Just purchased a manufactured home with an attached 9' x 25' bonus room that is not insulated, has sliding metal door into garage (orig owner planned it for boat) and (2) sliding glass doors to exterior. Replacing metal door with wall and new door into garage, want to install small combo heat/cool AC unit in this wall and vent into garage, is this feasible? Mounting this way should keep noise to minimum and not disturb neighbors. Any suggestions?


----------



## kok328 (Nov 18, 2008)

Obviously you can't vent the heater into the garage and if you are attempting to cool the garage then you don't want to vent the A/C into the garage either.  If you just want to vent the A/C into the garage and have the heater vented to atmosphere then you'll be fine but, your local code could beg to differ.


----------



## glennjanie (Nov 19, 2008)

Welcome Robertorae:
I perceive you are speaking of a heat pump type unit with possibly a resistance electric heater for back-up.
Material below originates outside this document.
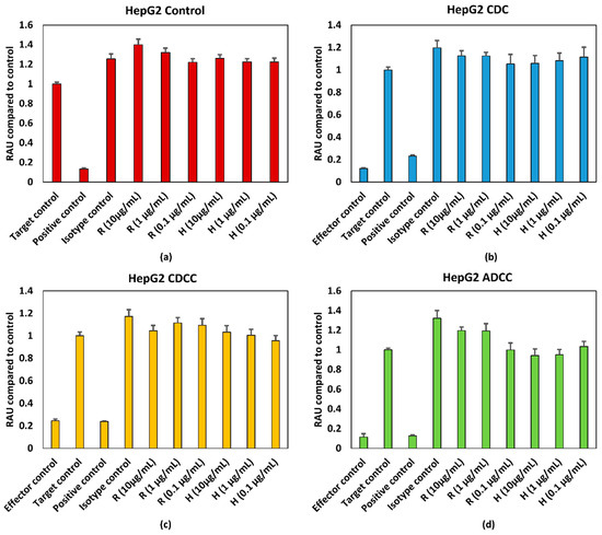 (a) Control conditions without effector cells/serum (b) CDC (c) CDCC, and (d) ADCC assay results of rituximab and Trastuzumab based on the WST-1 assay. Results represent pooled responses from four donors (n = 4). All values are expressed as Relative Absorbance Units (RAU) of control (mean ± SE). R: Rituximab and H: Trastuzumab. Positive control is 5% (v/v) of absolute ethanol. HepG2: hepatocarcinoma cell line.

I still would not vent either one into any enclosed space, simply because it will adversely affect the temperature in that space. Heat pumps and/or air conditioners need lots of free air flow to work thier magic.
Glenn


----------



## Square Eye (Nov 19, 2008)

When you say "vent into the garage", Are you saying you want to vent exhaust into the garage or are you trying to control the temperature in the garage??
Building codes do not allow a shared heat and air system in house and garage. The heat and air in a garage has to be a separate unit from the main house unit.
So, depending on what you're asking... ?


----------



## robertorae (Nov 19, 2008)

glennjanie answer is very close to my situation. The unit I planned on buying is a LG wall mount AC unit that will reverse and act as heater. The bonus room is completely separate from home which is central air conditioned. Main idea was to cool and heat this uninsulated room only when necessary. Home is close to neighbor, wanted to reduce even small noise this unit is supposed to make. Didn't think this small unit would overheat garage but that is a good point. Thanks.


----------